## YOUR GOAL
Output word for word the lines from the one with "Tru Sandoval is a" to the final line of the data, both ends included, but skip the pictures.

## DATA TO EXAMINE
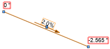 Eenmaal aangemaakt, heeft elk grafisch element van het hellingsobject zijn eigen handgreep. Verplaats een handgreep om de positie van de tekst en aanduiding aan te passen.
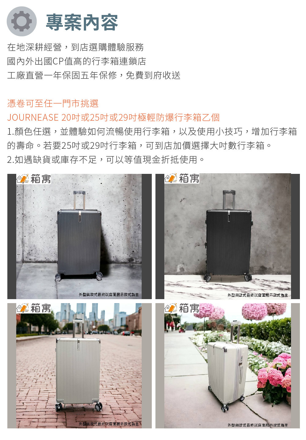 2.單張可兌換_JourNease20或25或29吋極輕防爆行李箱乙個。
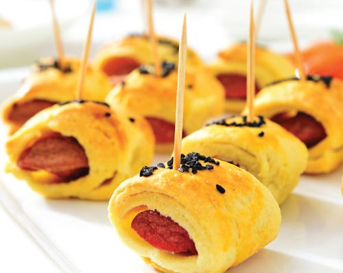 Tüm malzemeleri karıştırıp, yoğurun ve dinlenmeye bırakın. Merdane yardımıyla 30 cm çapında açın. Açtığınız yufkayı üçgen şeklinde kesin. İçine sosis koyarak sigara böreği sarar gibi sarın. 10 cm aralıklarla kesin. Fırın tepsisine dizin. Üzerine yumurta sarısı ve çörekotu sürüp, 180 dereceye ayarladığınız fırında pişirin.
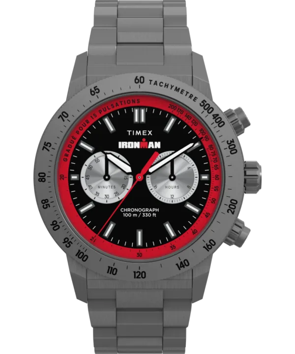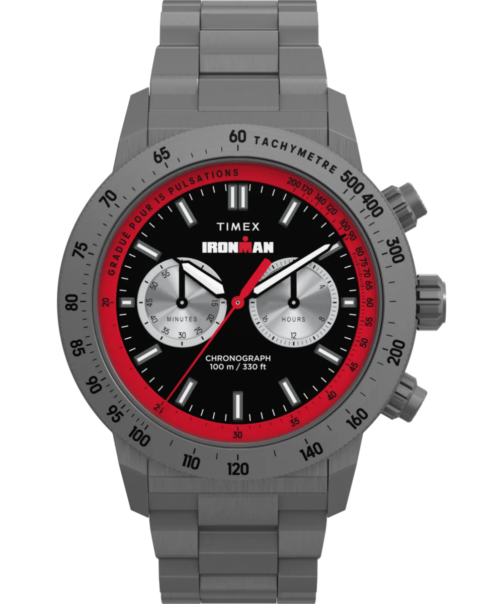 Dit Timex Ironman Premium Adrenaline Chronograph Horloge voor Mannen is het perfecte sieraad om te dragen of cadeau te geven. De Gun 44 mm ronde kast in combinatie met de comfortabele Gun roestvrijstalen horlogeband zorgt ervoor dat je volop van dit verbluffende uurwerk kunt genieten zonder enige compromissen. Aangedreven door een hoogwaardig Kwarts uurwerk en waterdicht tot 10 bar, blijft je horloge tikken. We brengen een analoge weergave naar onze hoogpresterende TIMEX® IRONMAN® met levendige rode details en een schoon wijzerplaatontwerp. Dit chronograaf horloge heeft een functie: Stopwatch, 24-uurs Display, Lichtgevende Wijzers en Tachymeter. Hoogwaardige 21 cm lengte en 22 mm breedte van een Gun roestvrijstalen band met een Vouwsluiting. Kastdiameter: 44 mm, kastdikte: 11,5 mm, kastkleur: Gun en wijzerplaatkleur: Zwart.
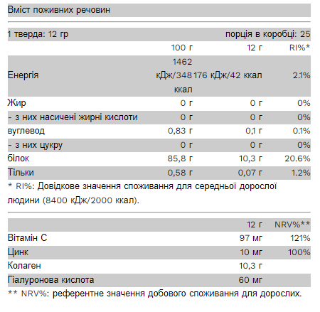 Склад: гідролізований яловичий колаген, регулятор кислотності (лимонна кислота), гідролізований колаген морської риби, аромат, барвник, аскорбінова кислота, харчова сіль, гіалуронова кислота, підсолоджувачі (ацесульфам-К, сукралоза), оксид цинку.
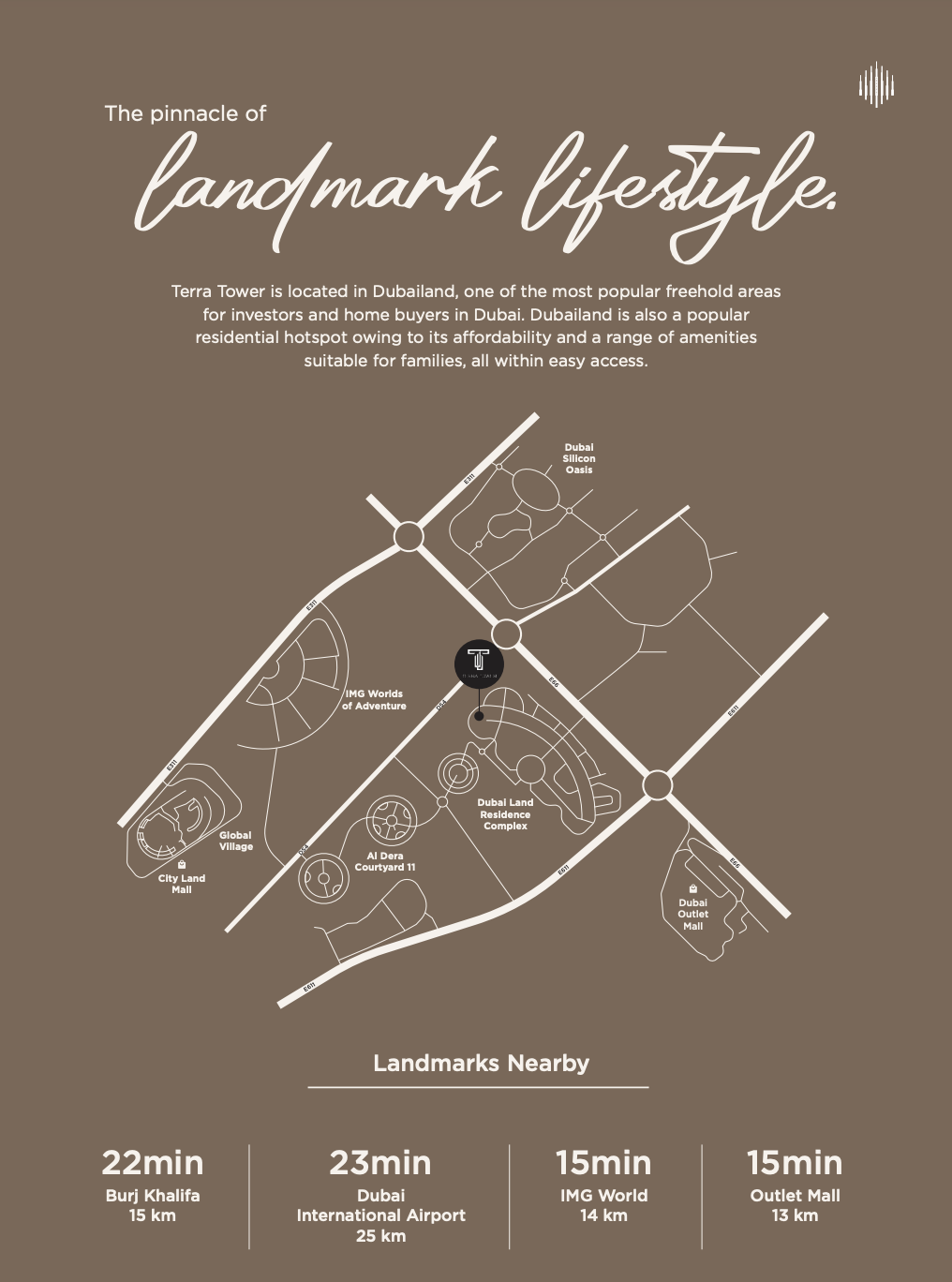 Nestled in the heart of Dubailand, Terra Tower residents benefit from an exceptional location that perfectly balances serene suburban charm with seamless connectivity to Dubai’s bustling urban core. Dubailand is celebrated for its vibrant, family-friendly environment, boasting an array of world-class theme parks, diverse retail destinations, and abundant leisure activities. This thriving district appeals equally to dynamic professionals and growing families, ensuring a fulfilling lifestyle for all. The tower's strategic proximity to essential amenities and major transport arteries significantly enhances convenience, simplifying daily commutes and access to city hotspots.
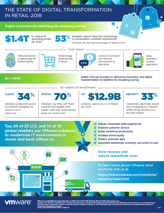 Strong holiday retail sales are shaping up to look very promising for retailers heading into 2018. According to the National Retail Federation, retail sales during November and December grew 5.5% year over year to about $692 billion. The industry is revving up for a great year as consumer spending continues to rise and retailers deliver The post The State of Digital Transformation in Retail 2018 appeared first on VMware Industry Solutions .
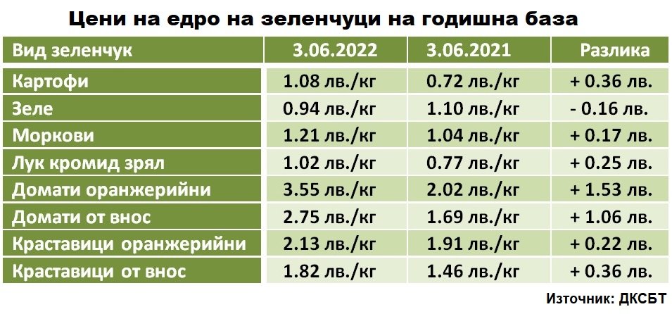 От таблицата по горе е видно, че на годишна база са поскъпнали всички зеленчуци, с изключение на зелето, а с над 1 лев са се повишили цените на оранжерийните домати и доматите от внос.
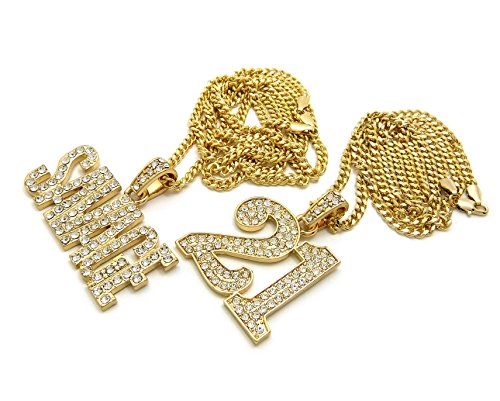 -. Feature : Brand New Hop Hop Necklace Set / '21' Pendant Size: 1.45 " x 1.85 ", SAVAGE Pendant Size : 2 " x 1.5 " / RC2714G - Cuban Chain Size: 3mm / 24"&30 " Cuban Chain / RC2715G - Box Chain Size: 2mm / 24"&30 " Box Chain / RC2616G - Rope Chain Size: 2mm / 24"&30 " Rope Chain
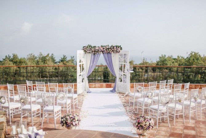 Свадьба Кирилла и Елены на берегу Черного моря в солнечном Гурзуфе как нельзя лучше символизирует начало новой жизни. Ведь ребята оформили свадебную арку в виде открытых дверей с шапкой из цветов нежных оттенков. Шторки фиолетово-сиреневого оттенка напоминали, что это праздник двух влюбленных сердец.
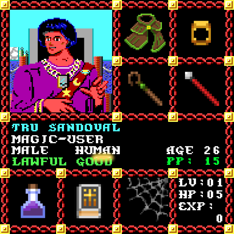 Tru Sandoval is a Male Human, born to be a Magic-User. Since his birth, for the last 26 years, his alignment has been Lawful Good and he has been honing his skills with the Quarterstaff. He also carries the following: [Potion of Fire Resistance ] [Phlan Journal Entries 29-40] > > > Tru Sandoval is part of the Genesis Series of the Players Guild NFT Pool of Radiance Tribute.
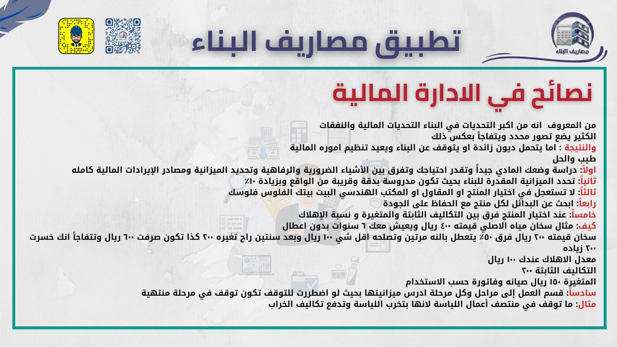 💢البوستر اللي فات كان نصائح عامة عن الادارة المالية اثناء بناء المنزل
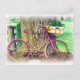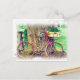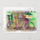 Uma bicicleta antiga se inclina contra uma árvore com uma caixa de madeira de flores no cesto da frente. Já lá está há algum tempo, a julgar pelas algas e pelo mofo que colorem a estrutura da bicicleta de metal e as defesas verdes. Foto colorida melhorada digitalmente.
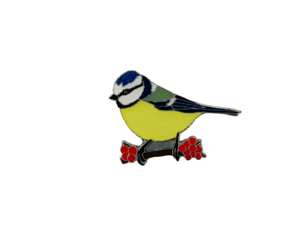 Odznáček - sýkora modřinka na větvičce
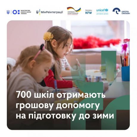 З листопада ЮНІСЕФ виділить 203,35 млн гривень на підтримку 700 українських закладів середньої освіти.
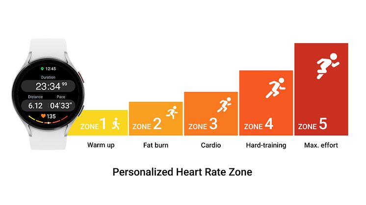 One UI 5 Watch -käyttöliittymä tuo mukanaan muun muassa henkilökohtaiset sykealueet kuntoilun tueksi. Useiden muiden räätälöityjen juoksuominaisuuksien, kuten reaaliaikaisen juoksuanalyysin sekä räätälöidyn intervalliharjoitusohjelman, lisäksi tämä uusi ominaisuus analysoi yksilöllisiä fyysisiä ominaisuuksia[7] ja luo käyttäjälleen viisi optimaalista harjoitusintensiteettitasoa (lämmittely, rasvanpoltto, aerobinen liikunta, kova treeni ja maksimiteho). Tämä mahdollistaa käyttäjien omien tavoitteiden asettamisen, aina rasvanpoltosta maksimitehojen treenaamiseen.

## ANSWER TO THIS TASK
 Tru Sandoval is a Male Human, born to be a Magic-User. Since his birth, for the last 26 years, his alignment has been Lawful Good and he has been honing his skills with the Quarterstaff. He also carries the following: [Potion of Fire Resistance ] [Phlan Journal Entries 29-40] > > > Tru Sandoval is part of the Genesis Series of the Players Guild NFT Pool of Radiance Tribute.
 💢البوستر اللي فات كان نصائح عامة عن الادارة المالية اثناء بناء المنزل
 Uma bicicleta antiga se inclina contra uma árvore com uma caixa de madeira de flores no cesto da frente. Já lá está há algum tempo, a julgar pelas algas e pelo mofo que colorem a estrutura da bicicleta de metal e as defesas verdes. Foto colorida melhorada digitalmente.
 Odznáček - sýkora modřinka na větvičce
 З листопада ЮНІСЕФ виділить 203,35 млн гривень на підтримку 700 українських закладів середньої освіти.
 One UI 5 Watch -käyttöliittymä tuo mukanaan muun muassa henkilökohtaiset sykealueet kuntoilun tueksi. Useiden muiden räätälöityjen juoksuominaisuuksien, kuten reaaliaikaisen juoksuanalyysin sekä räätälöidyn intervalliharjoitusohjelman, lisäksi tämä uusi ominaisuus analysoi yksilöllisiä fyysisiä ominaisuuksia[7] ja luo käyttäjälleen viisi optimaalista harjoitusintensiteettitasoa (lämmittely, rasvanpoltto, aerobinen liikunta, kova treeni ja maksimiteho). Tämä mahdollistaa käyttäjien omien tavoitteiden asettamisen, aina rasvanpoltosta maksimitehojen treenaamiseen.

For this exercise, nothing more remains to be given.